日本特有のネット文化と思われがちだが、英語圏にもよく見られる。ネットのトレンドやミームを記録するKnow Your Memeによると、英語版「嘘松」の原型は2012年のRedditでバズった「バスの英雄(The Bus Knight)」という投稿らしい。

バスに乗っていたら最高な出来事に遭遇した。カップルらしき男女が乗ってきたのだが、運賃が足りないようでなぜか運転手に難癖をつけ始め、人種差別的な言葉で罵った。すると乗客の1人が立ち上がり、勇敢にも運転手を庇った。「やんのかてめえ?」と男が言うと、この頼もしいヒーローは「やってやろうじゃないか。降りろ」と応戦の構えを見せた。乗客に緊張が走る。男はバスの外に立ち、女は「徹底的にやっちゃってよ」と息巻いた。しかしヒーローは静かに運転手に向き直ると「今だ、ドアを閉めろ」と言い、自分の座席にゆっくりと戻っていった。運転手はドアを閉め、バスは走り出した。乗客は皆どよめき、拍手し、歓声を上げた。抱き合う人たちもいた。俺は窓から、遠ざかるカップルに向けて中指を立てた。
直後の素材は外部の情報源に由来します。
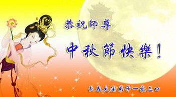 吉林省長春大法弟子一家三口恭祝師尊中秋節快樂!
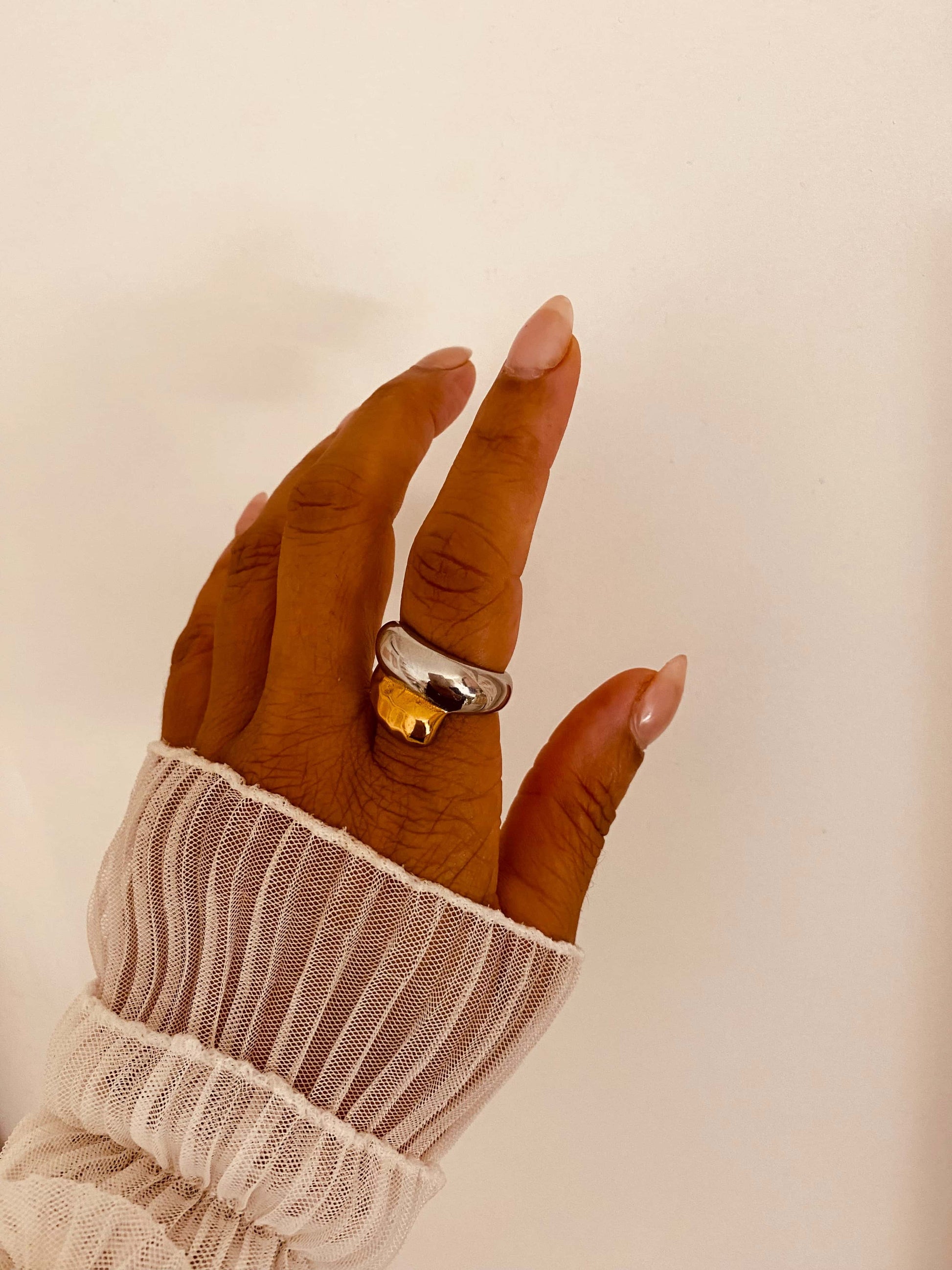 Este anillo Mix&Match presenta un diseño único con sus dos tonos que se complementan a la perfección. Fabricado con materiales de alta calidad, es una opción elegante y versátil para cualquier ocasión. Agrega un toque de estilo a tu look diario o combínalo con otros anillos para crear un conjunto verdaderamente personalizado.
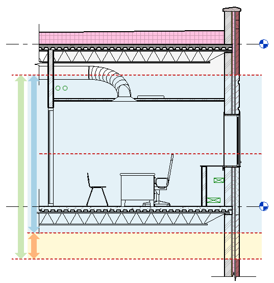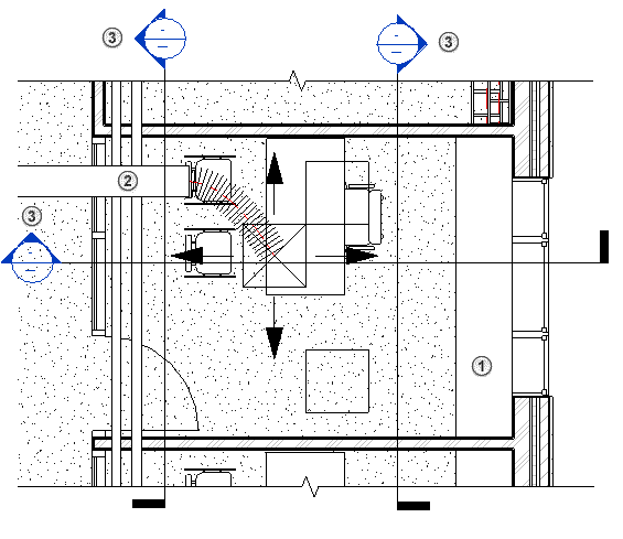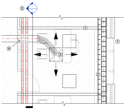 下面的示例基于一個模型的標高 1 剖面平面。 在該剖面平面中,綠色箭頭指示對應平面視圖的整個視圖范圍。 藍色箭頭指示主視圖范圍,該范圍已擴展到高于天花板進入正壓送風系統,并低于標高 1。 橙色箭頭指示視圖深度。 (請參見關于視圖范圍。) 在下面示例平面視圖中,“詳細程度”被設置為“精細”,以便更充分地顯示機械、電氣和管道圖元,從而方便說明。
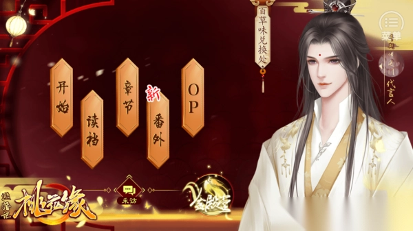 1. 点击【开始】,即可开启《逃婚记・桃花缘》全新剧情。若想续玩,选择【读档】;若要查看章节点,点击【章节】;要是想体验额外内容,则选择【番外】。
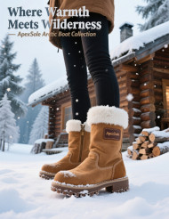 woman standing snowy log cabin winter boots suede fur lined cold snowflakes pine trees cozy outdoors nature warm rustic seasonal one female footwear brand chat gpt prompts frost forest holiday alpine mountain wood cottage frost weather white ruralImagine Buddy
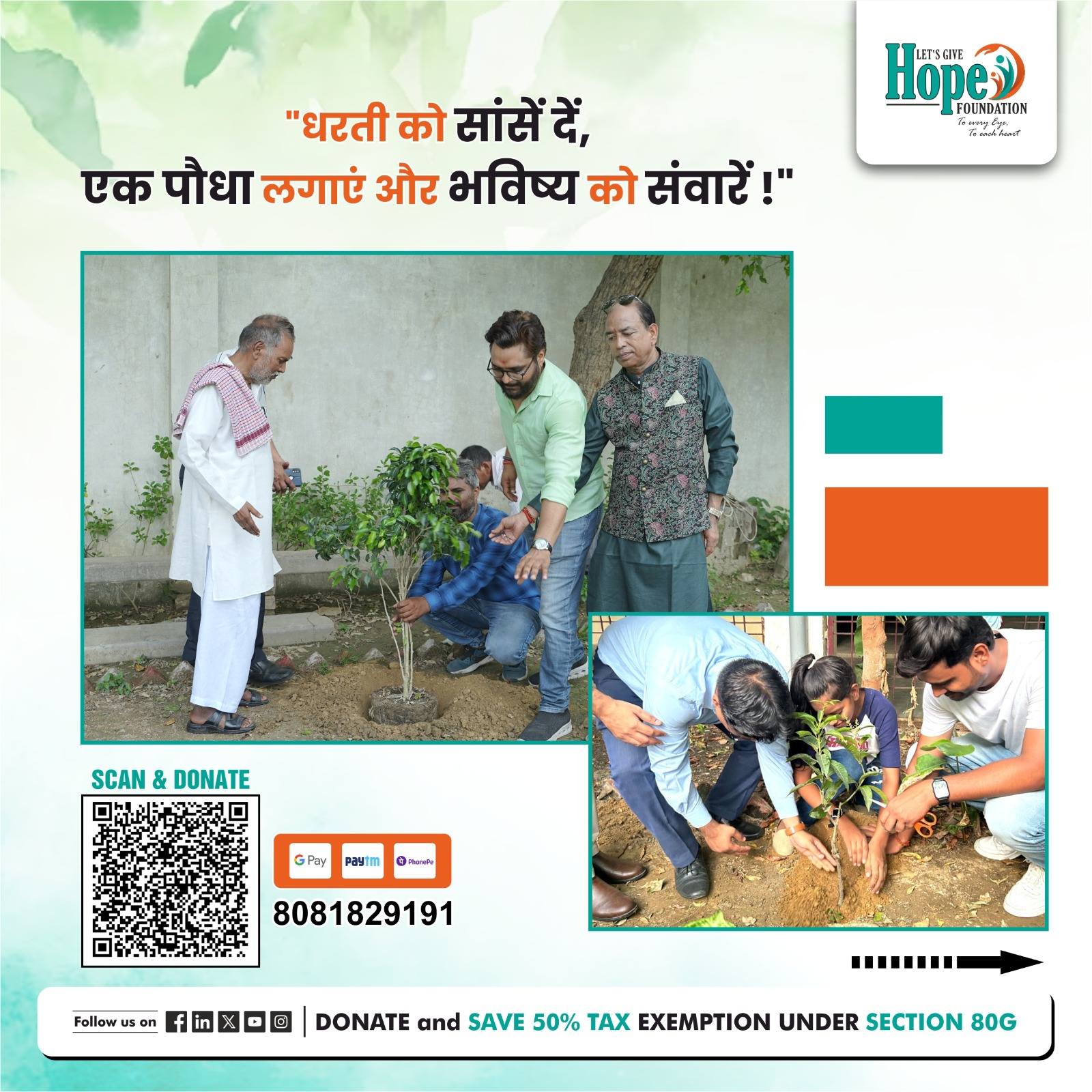 वृक्षारोपण अभियान 2025 एक पेड़ — एक जिम्मेदारी, एक कदम — हरियाली की सौगात! पेड़ हमें न सिर्फ छाया और फल देते हैं, बल्कि हमारे भविष्य को भी सुरक्षित रखते हैं। आइए, हरियाली के इस पुनीत कार्य में सहभागी बनें और अपने योगदान से धरती को हरा-भरा बनाएं। 01 पेड़ = 150 रुपये 10 पेड़ = 1500 रुपये (दान पर 50% टैक्स छूट — सेक्शन 80G के अंतर्गत) QR कोड स्कैन करें और दान करें। कॉल करें: 8081829191 हर एक पेड़ आपके आने वाले कल के लिए एक सुंदर तोहफा है। आज ही दान करके इस हरियाली महाअभियान का हिस्सा बनें!
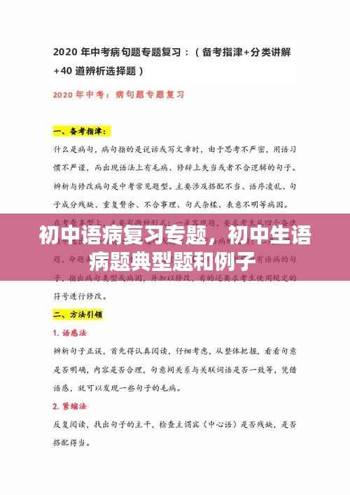 初中语病复习是提高语言表达能力和写作水平的重要环节。通过掌握识别和纠正语病的方法,以及采取有效的复习策略,初中生可以逐步提高自己的语言表达能力,为未来的学习和生活打下坚实的基础。
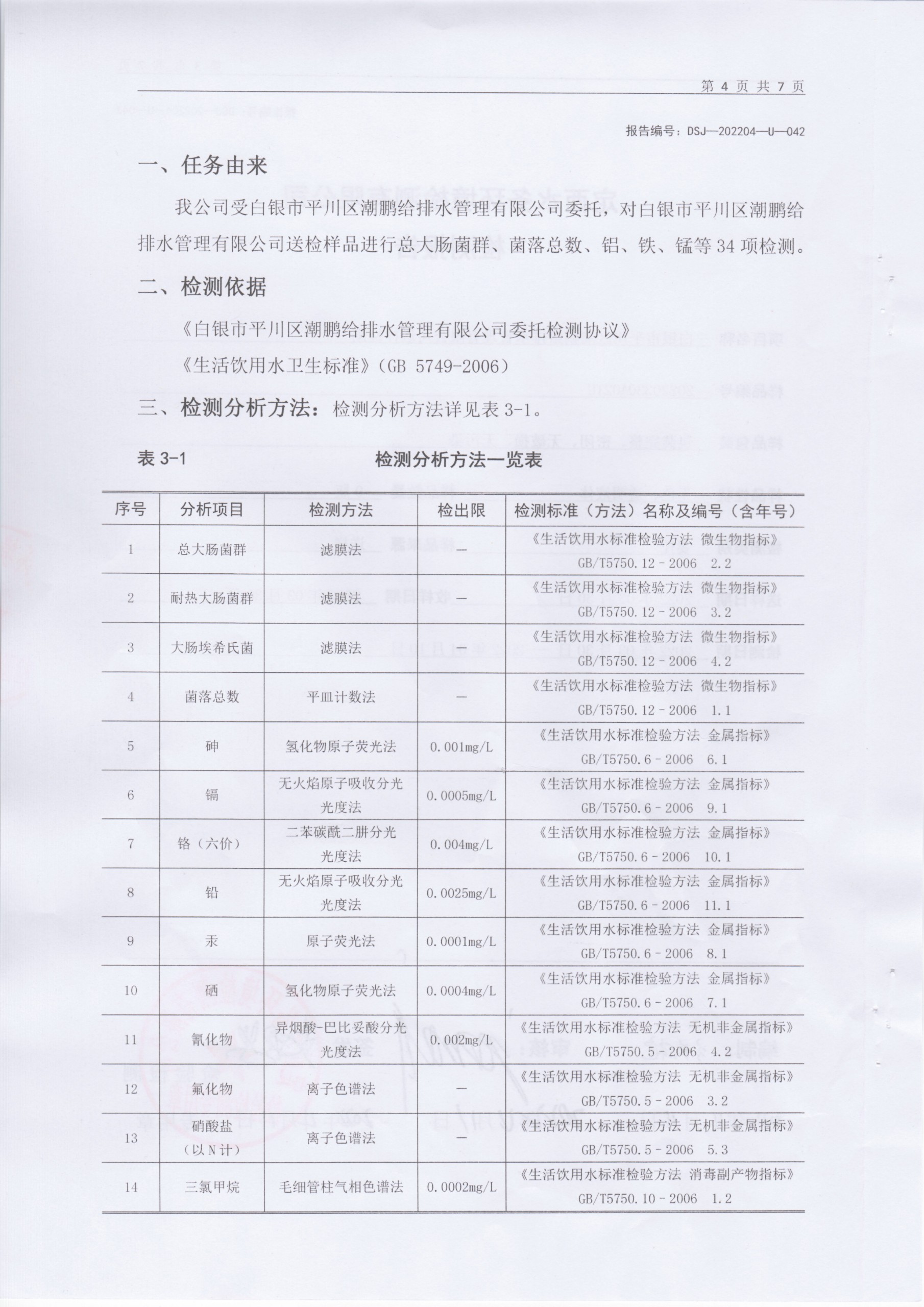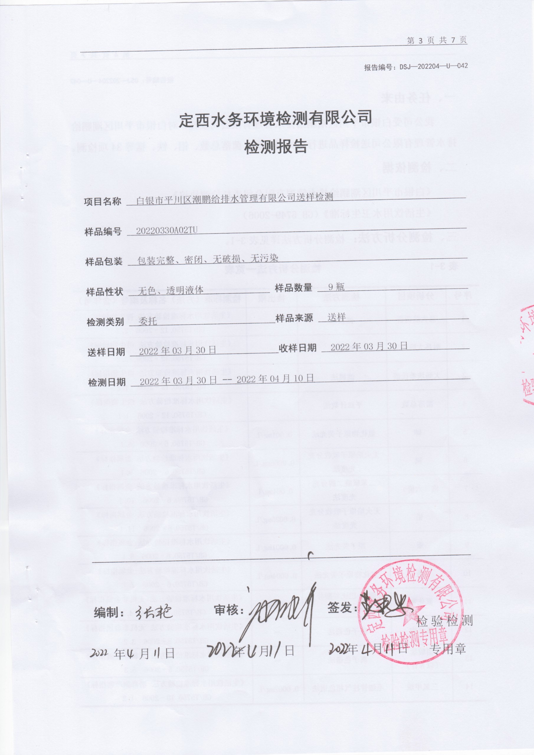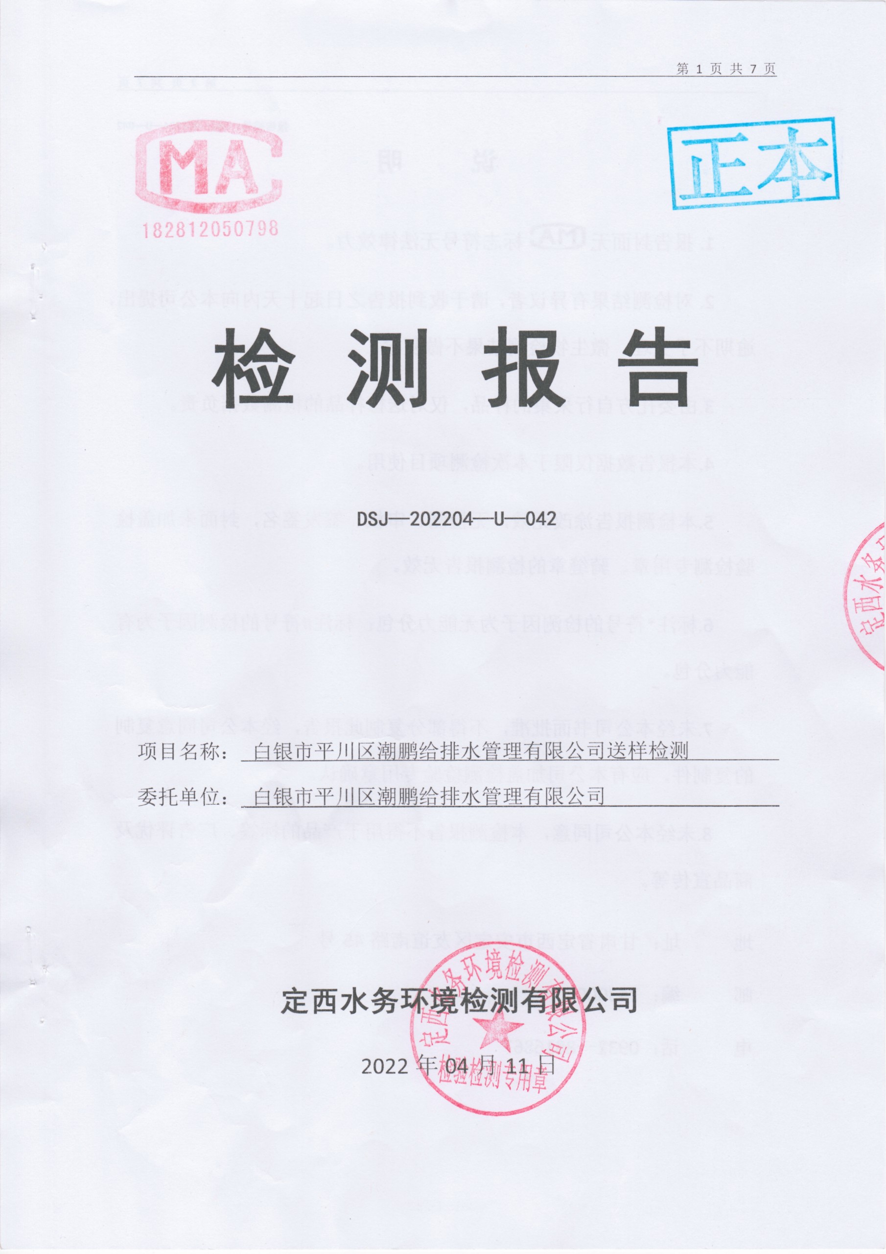 平川区潮鹏给排水管理有限公司2022年第一季度水质检测报告
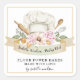 Carte de visite pâtissier aquarellisé avec une bannière de nom et de titre et des outils de boulangerie\ et casquette chef avec des touches florales et une bordure d'or. Style d'illustration fantasque.
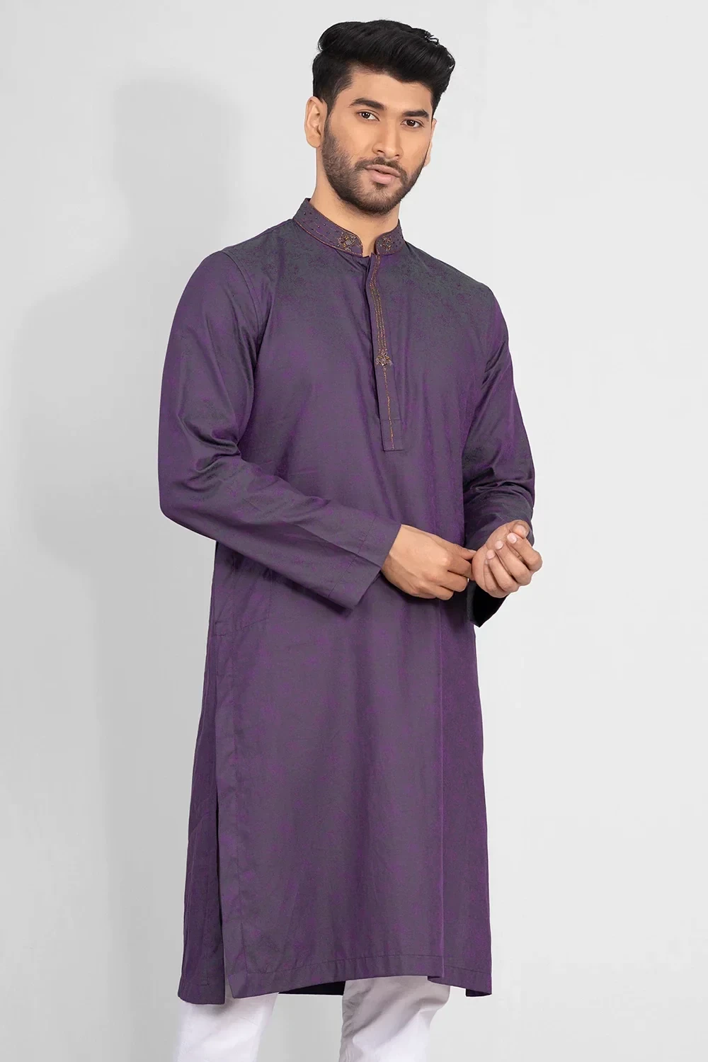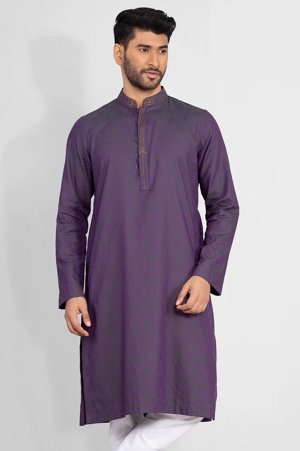 Crafted from luxurious 100% cotton for a comfortable regular fit, this Zardozi worked panjabi elevates your style.

ここから様々な派生系が生まれるのだが、嘘松の特徴である

・社会正義や道徳心をくすぐる内容
・公共の場
・衆人環視
・ヒーロー/ヒロイン的存在
・皆が一斉に拍手

などが網羅されている。「皆が拍手」の部分は特に効果的な締めの句として多用されたため、この手の嘘松は大抵そのまま“Everybody clapped story”と呼ばれる。日本語らしくいうなら「皆拍」か。

上記の特徴だけを見ると日本の嘘松と似ているが、ここ数年でアメリカの「皆拍」は様変わりした。社会正義マンによるヴァーチュ・シグナル(自らの美徳を誇示し、自身の信じる善行や道徳的価値観を他者にも強いる行為)を纏った説教臭さが増し、オーソドックスな人種ネタに加えジェンダーや党派性を煽るものが多くなった。例えば「MAGA帽を被った白人男にミスジェンダリングされた」などである。またある種の活動家文化を反映するかのように、子供をダシにする話が増え、テンプレ化した。「3歳の娘に『トランプは負けたよ』というと彼女は『もう怖い夢を見なくていいんだね』と嬉し泣きした」という具合である。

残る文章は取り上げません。